# How long can a snake stay under water?



## noah2112 (Jul 17, 2011)

Stupid question but my water python like to just chill under water for quite awhile.... So yeah I was just wondering how long or do you're snakes do this? Thanks


----------



## timantula (Jul 17, 2011)

well the longest ive sat and watched and my water python under water is 25mins...


----------



## noah2112 (Jul 17, 2011)

Wow thanks a lot mine loves the water a lot of people I know said they don't normally go in the water


----------



## GeckPhotographer (Jul 17, 2011)

I have watched wild diamond python submerged for several days, I don't mean it was not able to breathe I mean almost its entire body was in the water and it was leaving its head above.


----------



## longqi (Jul 17, 2011)

Our Burmese and Retics love the water
Sometimes we get worried about how long they stay totally submerged and unmoving
We think our record for a Burmese is 65 minutes
But hard to watch all the time so may be incorrect
They dont even gasp for air
Just a set of nostrils and back down very quietly


----------



## timantula (Jul 17, 2011)

noah2112 said:


> Stupid question but my water python like to just chill under water for quite awhile.... So yeah I was just wondering how long or do you're snakes do this? Thanks


 and no, i dont think this is a stupid question, im quite interested in some of the answers...


----------



## Chris (Jul 17, 2011)

I just watched a Nat Geo Wild show on the Green Anacondas in South America, they said they can stay submerged for up to 20 mins, I'm guessing our Pythons would be similar?


----------



## Boidae (Jul 17, 2011)

I can understand if you're a bit worried, my Water python is the same. She will stay underwater for ages, especially when she's in shed. I have never timed her, but on multiple occasions she has stayed underwater for well over an hour.
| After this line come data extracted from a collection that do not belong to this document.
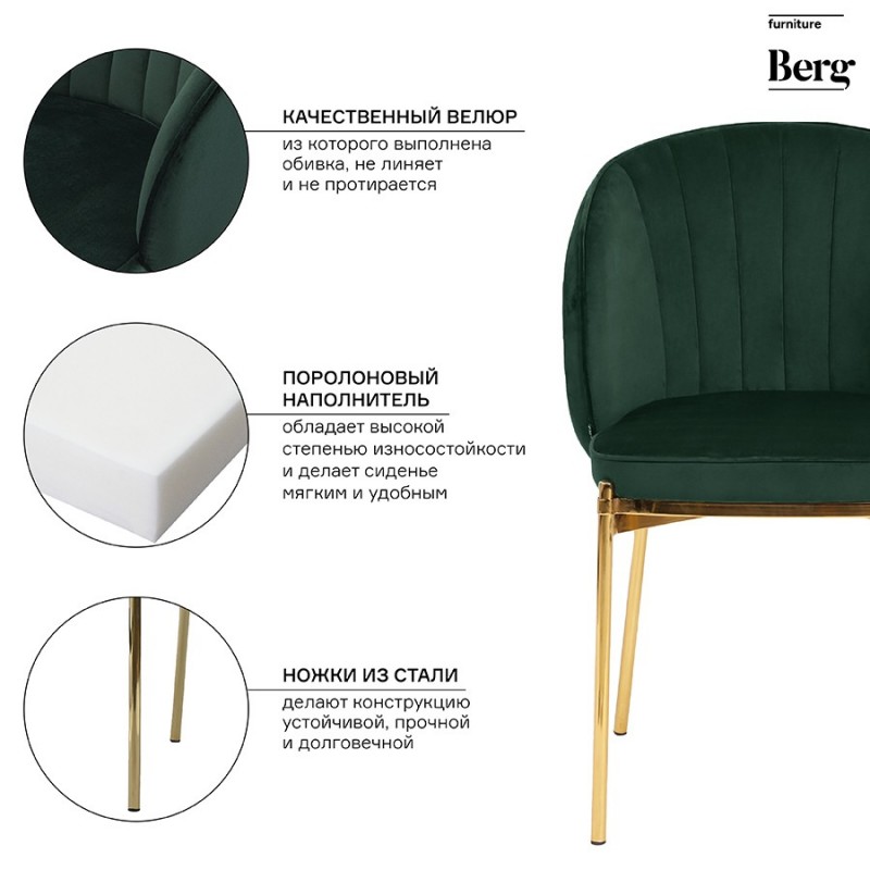 Стул Coral создаст условия для погружения в мир комфорта и элегантности и поможет придать интерьеру изысканный вид. Этот стильный предмет мебели станет идеальным дополнением пространства кухни, столовой, кабинета, спальни и гостиной.Комфорт во время отдыха на стуле создается за счет мягкого сиденья с наполнителем из пенополиуретана и высокой закругленной спинки. Обивка из бархатистого велюра, украшенная декоративной строчкой, придает модели особый шарм. Эстетический потенциал материала настолько высок, что ему сложно найти конкурентов. Помимо презентабельного вида и приятных тактильных ощущений, ткань обладает хорошими эксплуатационными характеристиками, такими как прочность, износоустойчивость и долговечность. Ножки мебели выполнены из стали, что обеспечивает конструкции надежность и защиту от коррозии.Стул Coral станет отличным выбором для поклонников стилей поп-арт, неоклассика, гранж, прованс, фьюжн или лаунж.Материалы: сталь, фанера, 100% полиэстер, пенополиуретан. Высота сиденья: 43 см. Ширина сиденья: 49,5 см. Глубина сиденья: 43 см. Высота спинки: 35,5 см. Ширина спинки: 44 см. Высота подлокотников: 27 см. Максимальная нагрузка: 120 кг. Цвет: зеленый.Рекомендуется регулярно пылесосить мебель с помощью специальной насадки – резиновой или мягкой щетки. Образовавшиеся пятна можно удалять губкой или салфеткой со слабым мыльным раствором воды. Запрещается использовать абразивные материалы и агрессивную бытовую химию.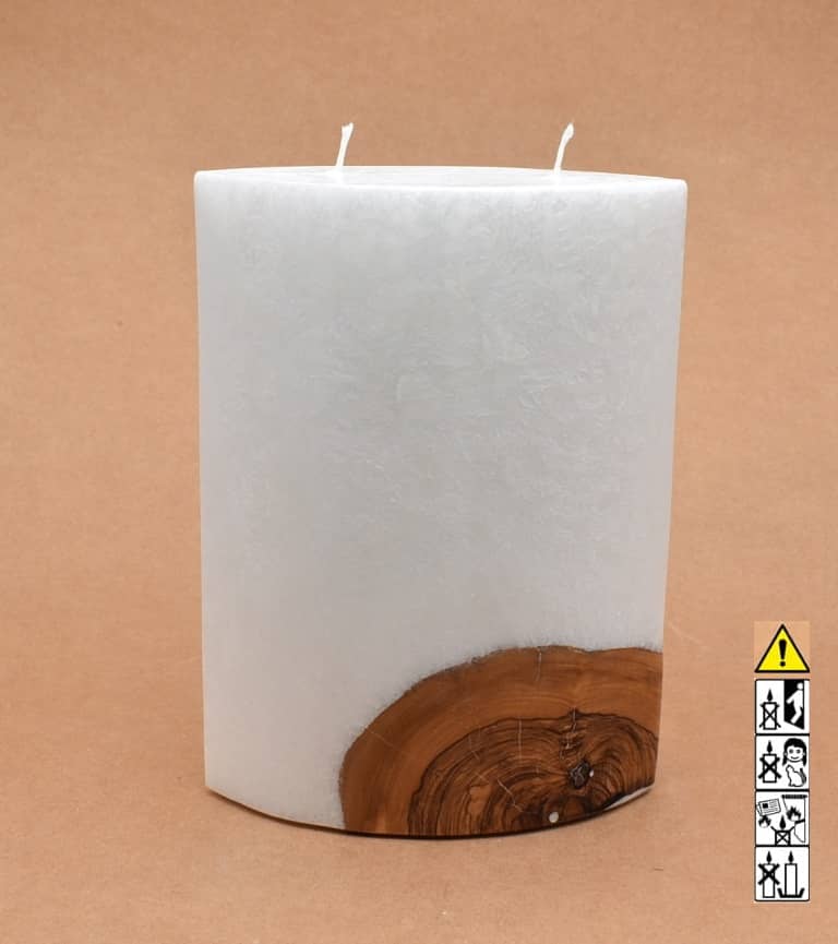 Kerze mit Holz Oval Kanten spitz 210 x 140 x 80 mm 2 x Docht. Nr.: 6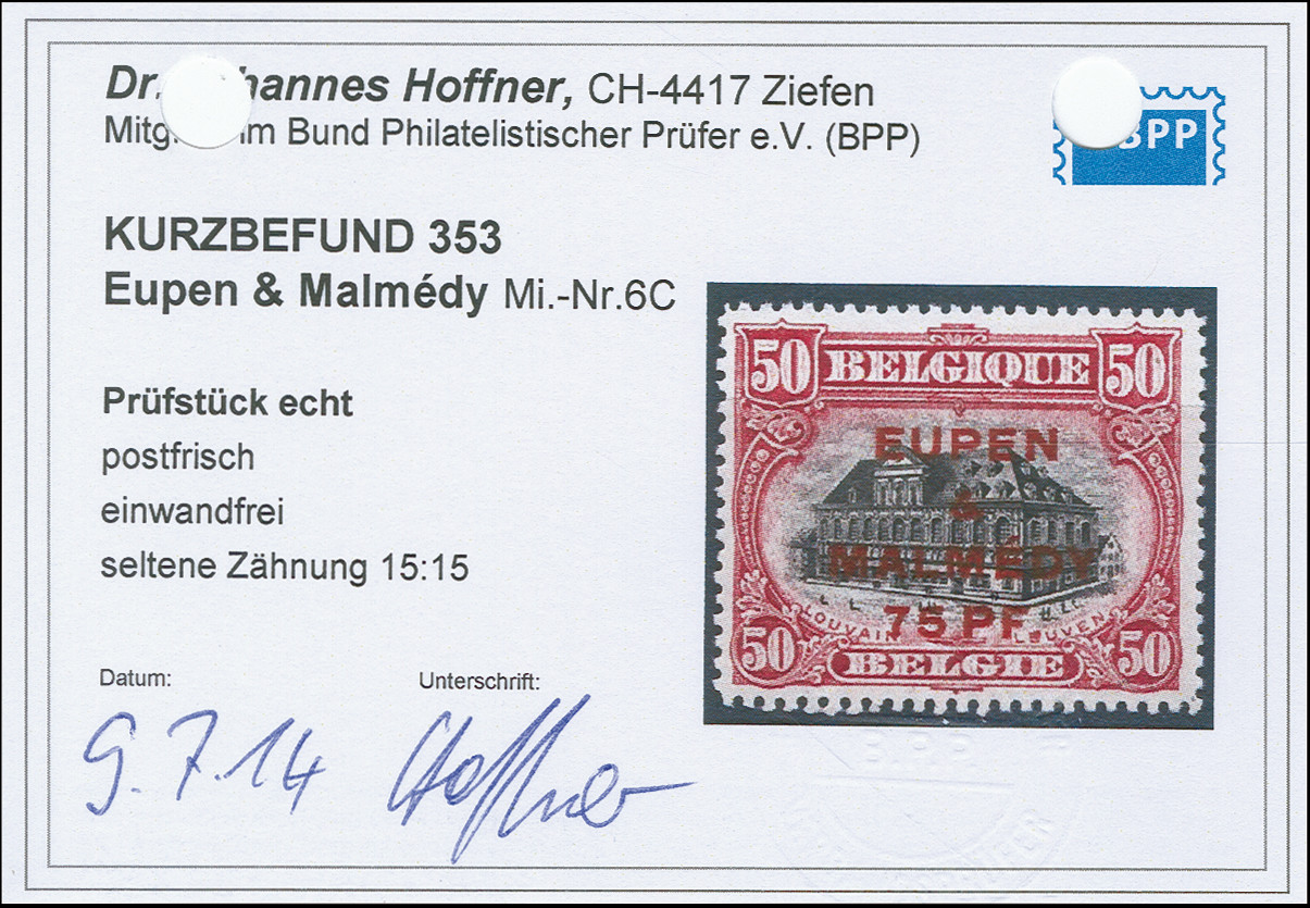 1920, 75 PF. auf 50 Cent karmin/schwarz, gezähnt 14 ¾:15, postfrisch, tadellos, selten, Kurzbefund Hoffner BPP (2014)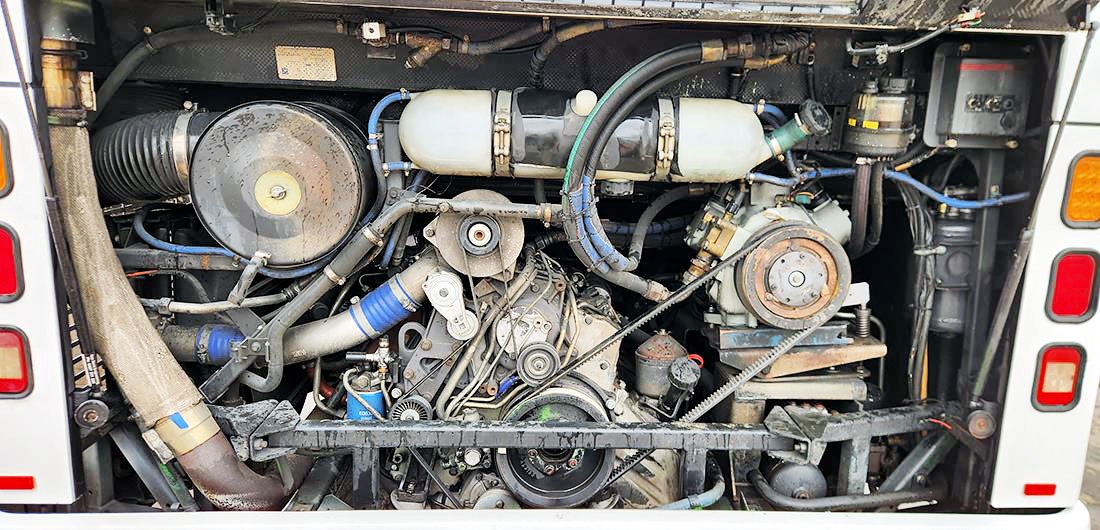 This vehicle has been used on public transport services and local school charter work and is currently still in service, demonstrating its reliability and readiness for continued operation.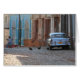 Ein klassisches Auto und ein paar Hühner in einer Kopfsteinpflasterstraße in Kuba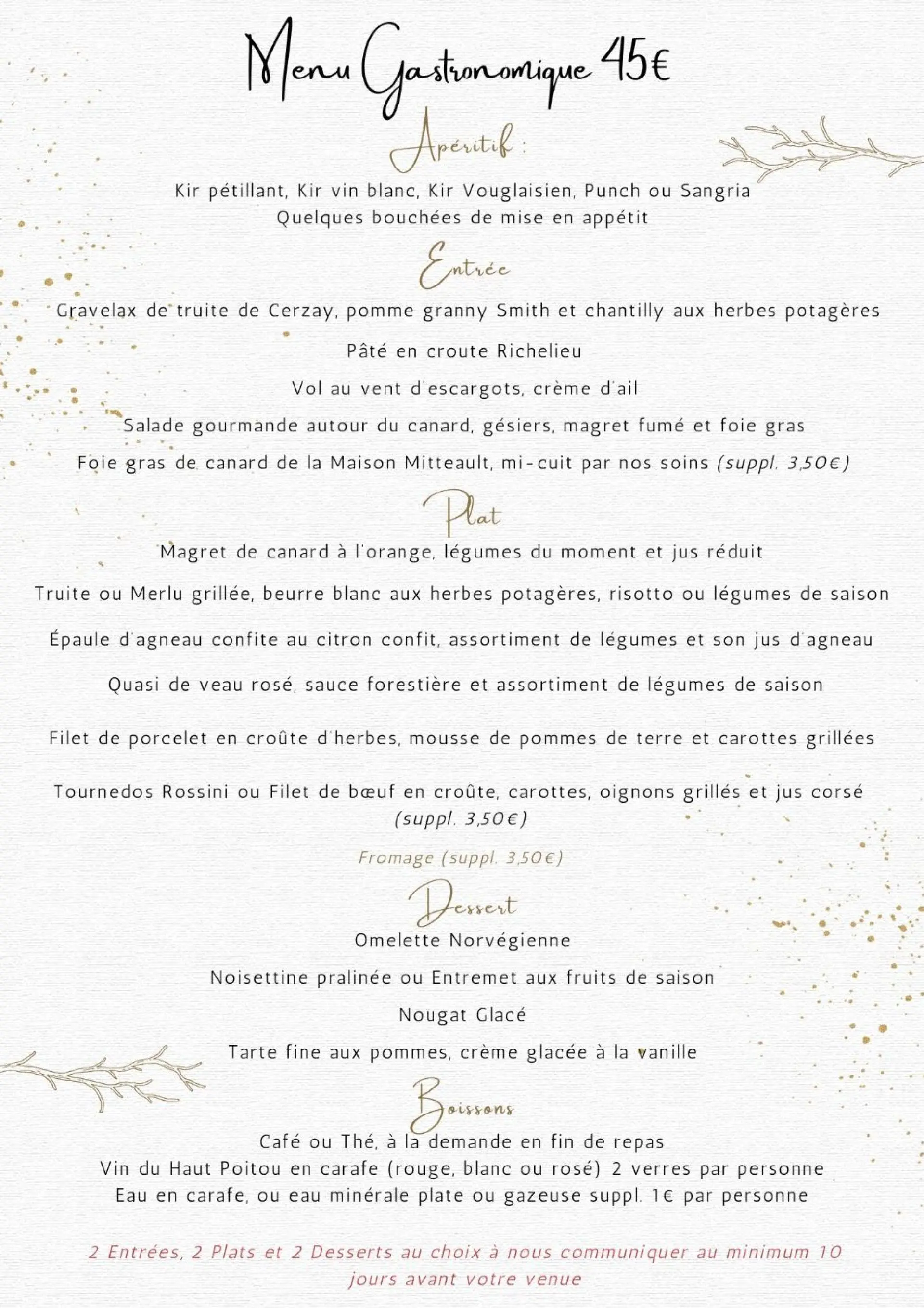 Simon et Ivan, formés dans des restaurants étoilés prennent les rênes du Cheval Blanc après Patrick leur oncle qui avait pris la suite de Simone, sa maman, en 1990. Notre ambition est de ravir les papilles de tous, avec des assiettes gourmandes et raffinées. Une cuisine 100% faite maison mettant à l'honneur les produits locaux du terroir poitevin.

Its perfectly natural for snakes to do that, especially aquatic snakes like Anacondas and Water pythons.


----------



## dihsmaj (Jul 17, 2011)

Anacondas are boas so I asssume the body structure, lung capacity etc is different


----------



## Boidae (Jul 17, 2011)

Yes, I am aware of that, Anaconda actually translates into Water boa. 
And yes, Boas are naturally wider across than pythons, so their lungs may well be wider and thus have a larger capacity.


----------



## noah2112 (Jul 17, 2011)

Yeah she is in shed atm but I still haven't had him for very long.


----------



## Boidae (Jul 17, 2011)

Remember to keep the humidity up, Water pythons often have REALLY bad sheds if there is not enough humidity.


----------



## noah2112 (Jul 17, 2011)

I have a kitty litter tray of water directly under the heat lamp


----------